Hi Laura - had completely the same problem with memory. It was like my brain was hitting a wall when trying to remember new (but older memories or knowledge seemed to be retained).
I'm almost two years out and without really noticing when things seem to be getting better. I've noticed that I can remember a lot, lot better, and I'm noticing noticing if that makes sense - after two years I was resigned to it being forever but thankfully it looks like it's not the case.
Your neurologist is right, the brain is miraculous at re-mapping so you keep having to exercise it and it will get better. I've got a very research heavy job so I think that kind of intensive or detailed reading does help a great deal.
I am making miraculous strides (considering the attack almost 2 years ago) but impatience is rampant. I hate that entire months go by and I don't even remember them happening.

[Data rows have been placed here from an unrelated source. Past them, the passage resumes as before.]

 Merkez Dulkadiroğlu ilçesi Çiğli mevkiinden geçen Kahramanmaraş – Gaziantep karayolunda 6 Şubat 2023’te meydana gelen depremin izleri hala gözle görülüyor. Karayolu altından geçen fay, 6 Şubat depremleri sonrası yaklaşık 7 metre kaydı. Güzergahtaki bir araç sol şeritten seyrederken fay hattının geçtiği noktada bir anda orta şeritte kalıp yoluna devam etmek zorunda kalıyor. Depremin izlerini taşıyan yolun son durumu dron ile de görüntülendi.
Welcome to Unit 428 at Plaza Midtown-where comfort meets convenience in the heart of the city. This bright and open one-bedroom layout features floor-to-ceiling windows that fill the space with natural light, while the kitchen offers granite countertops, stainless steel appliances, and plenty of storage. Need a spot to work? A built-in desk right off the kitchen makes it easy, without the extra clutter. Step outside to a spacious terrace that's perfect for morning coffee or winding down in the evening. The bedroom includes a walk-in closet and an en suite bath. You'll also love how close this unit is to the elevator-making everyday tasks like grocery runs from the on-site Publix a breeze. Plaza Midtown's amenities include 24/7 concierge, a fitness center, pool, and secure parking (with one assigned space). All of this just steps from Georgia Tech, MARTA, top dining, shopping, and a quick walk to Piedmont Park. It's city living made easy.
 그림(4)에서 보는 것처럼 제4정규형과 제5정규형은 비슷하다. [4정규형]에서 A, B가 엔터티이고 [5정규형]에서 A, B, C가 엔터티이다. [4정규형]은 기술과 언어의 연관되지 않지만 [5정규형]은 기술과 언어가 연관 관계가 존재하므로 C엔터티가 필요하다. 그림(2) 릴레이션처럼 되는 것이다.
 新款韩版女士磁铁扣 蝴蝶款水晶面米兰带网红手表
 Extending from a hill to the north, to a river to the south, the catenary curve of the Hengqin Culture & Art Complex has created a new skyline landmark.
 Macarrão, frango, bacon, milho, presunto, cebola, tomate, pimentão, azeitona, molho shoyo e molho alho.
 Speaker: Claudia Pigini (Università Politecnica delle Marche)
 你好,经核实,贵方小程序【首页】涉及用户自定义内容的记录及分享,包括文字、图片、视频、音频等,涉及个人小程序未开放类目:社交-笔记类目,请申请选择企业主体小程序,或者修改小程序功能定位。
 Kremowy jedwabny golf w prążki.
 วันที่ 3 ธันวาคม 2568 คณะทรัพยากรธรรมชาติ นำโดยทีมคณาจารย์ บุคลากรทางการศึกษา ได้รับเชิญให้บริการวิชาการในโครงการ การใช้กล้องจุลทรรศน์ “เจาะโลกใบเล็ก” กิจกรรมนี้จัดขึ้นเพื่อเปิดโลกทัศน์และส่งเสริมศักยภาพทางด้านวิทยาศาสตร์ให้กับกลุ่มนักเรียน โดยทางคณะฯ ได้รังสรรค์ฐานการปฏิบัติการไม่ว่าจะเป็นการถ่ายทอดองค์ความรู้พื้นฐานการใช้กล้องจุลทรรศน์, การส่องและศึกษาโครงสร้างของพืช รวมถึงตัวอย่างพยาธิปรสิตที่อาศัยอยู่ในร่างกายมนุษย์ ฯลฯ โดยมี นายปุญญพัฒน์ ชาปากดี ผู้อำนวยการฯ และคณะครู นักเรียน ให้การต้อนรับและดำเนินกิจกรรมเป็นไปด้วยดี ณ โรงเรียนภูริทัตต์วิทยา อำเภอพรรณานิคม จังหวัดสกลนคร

Lumosity seemed like a good idea, but my neurologist pointed out there are free games out there, so I play a memory game, Scrabble, a logic game and a strategy game on Facebook to try to keep pushing those boundaries. Some days I see great progress, others I feel like it's two steps backward. But it's all process. And patience. I hate waiting...
We are in our 10th month of our struggle with ADEM. My 16 year old son used to be advanced placement in High School now is working really hard in regular classes. He used to read an assignment and understand it and complete it now we sit and read the assignment discuss what to do, I leave him to do it, he can't do it, he does an assignment that pops up in his head, then re reads the assignment and realizes he did it wrong and does it again this time also wrong. YES the ADD symptoms and focusing problems are a huge issue. The Dr proscribed several ADHD meds but that made his head aches worse and in reading about ADD meds with ADEM or MS they often don't help.
So we use audio books as much as possible, use friends as tutors as much as possible, reread assignments while we are working on the, make lists, and drop the un important stuff.
For me, if I have work I have to focus to complete, I try to do it when I'm my best, which is late morning/early afternoon. It also has to be the ONLY big thing that day. You only have so much focus/energy each day, and trying to do it when you're already tired is like hitting a wall over and over again.
My neurologist has suggested though that I keep pushing against certain walls (like reading and remembering) in order to get the brain to create a new pathway. I'm still hopeful.
Best of luck. Make sure you keep his school in the loop - they probably have little experience with this type of brain injury/recovery process, so it's important they understand.